2.3.2 To reject the question of the good by arguing that this question leads to the reduction of Being to technology is to reject the human condition and its responsibility. [insert discussion of Heidegger] To abandon reason in favor of a “thinking” attuned to a hope for the advent of new gods is also irresponsible and inhuman. [insert: Strauss is right vs. Heidegger]
2.3.3 Leo Strauss’s proposal: reason as classical philosophy can ground itself in its own activity. [insert discussion of Strauss]
2.4 But the good of philosophy depends (intrinsically and not only instrumentally) upon practical (political-moral-religious) goods. [insert critique of Strauss’s project]

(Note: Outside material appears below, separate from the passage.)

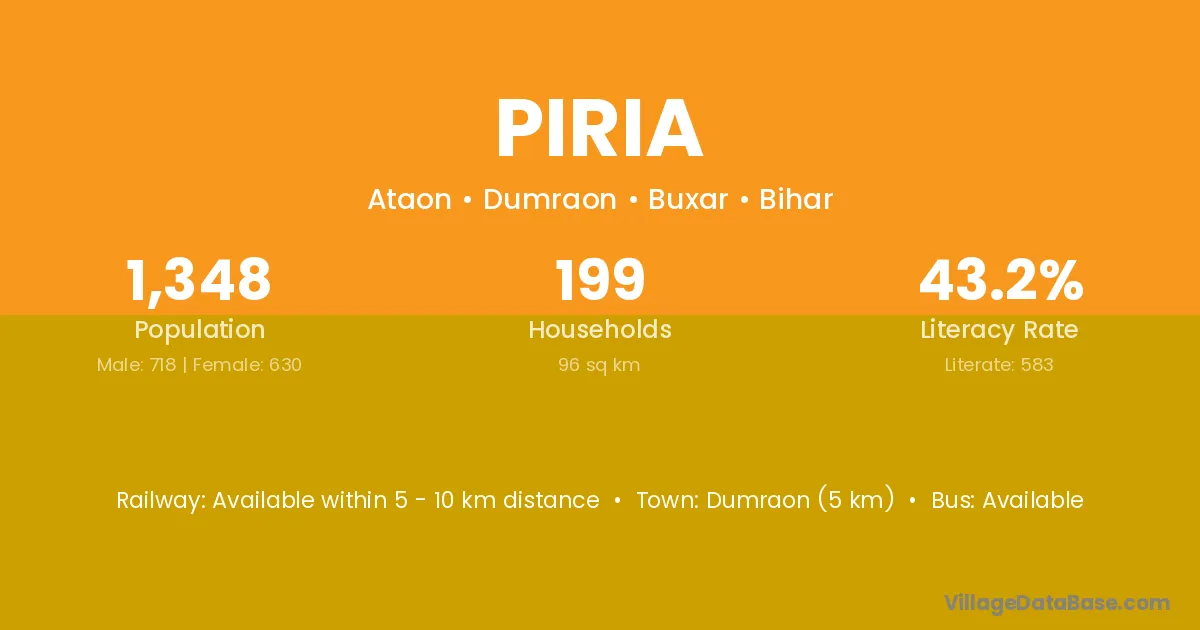 The literacy rate of Piria village is 58.90%. Male literacy stands at 72.27% and female literacy at 46.38%.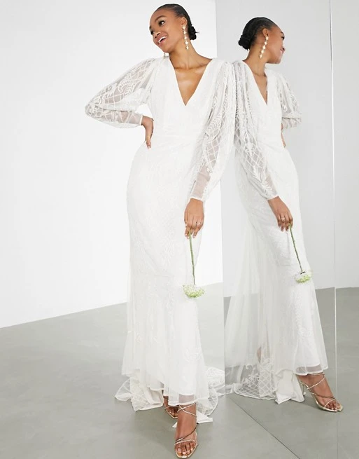 Dorothy Perkins Square Neck Embellished Pleated Maxi ​Bridesmaid Dress, Light Blue

2.4.1 Practical goods are always a compound of vertical or “aristocratic” and horizontal or “democratic” elements of transcendence. [See Tocqueville] Vertical or aristocratic transcendence is rooted in given, concrete and authoritative practices and hierarchies; it is at home in such practices and hierarchies. Horizontal or democratic transcendence is inspired by dissatisfaction with given practices and hierarchies; it longs for another home.
3. Postmodern (and post-Straussian post-Heideggerian) Conservatism must be grounded in the intrinsic goodness and rightness of a fully self-aware ruling responsibility, solicitous of both vertical and horizontal transcendence, yet not simply subservient to either, thus both proud and humble. This is the awareness and the disposition that must be cultivated in order relieve modern technological rationalism of its incoherent ruling ambitions.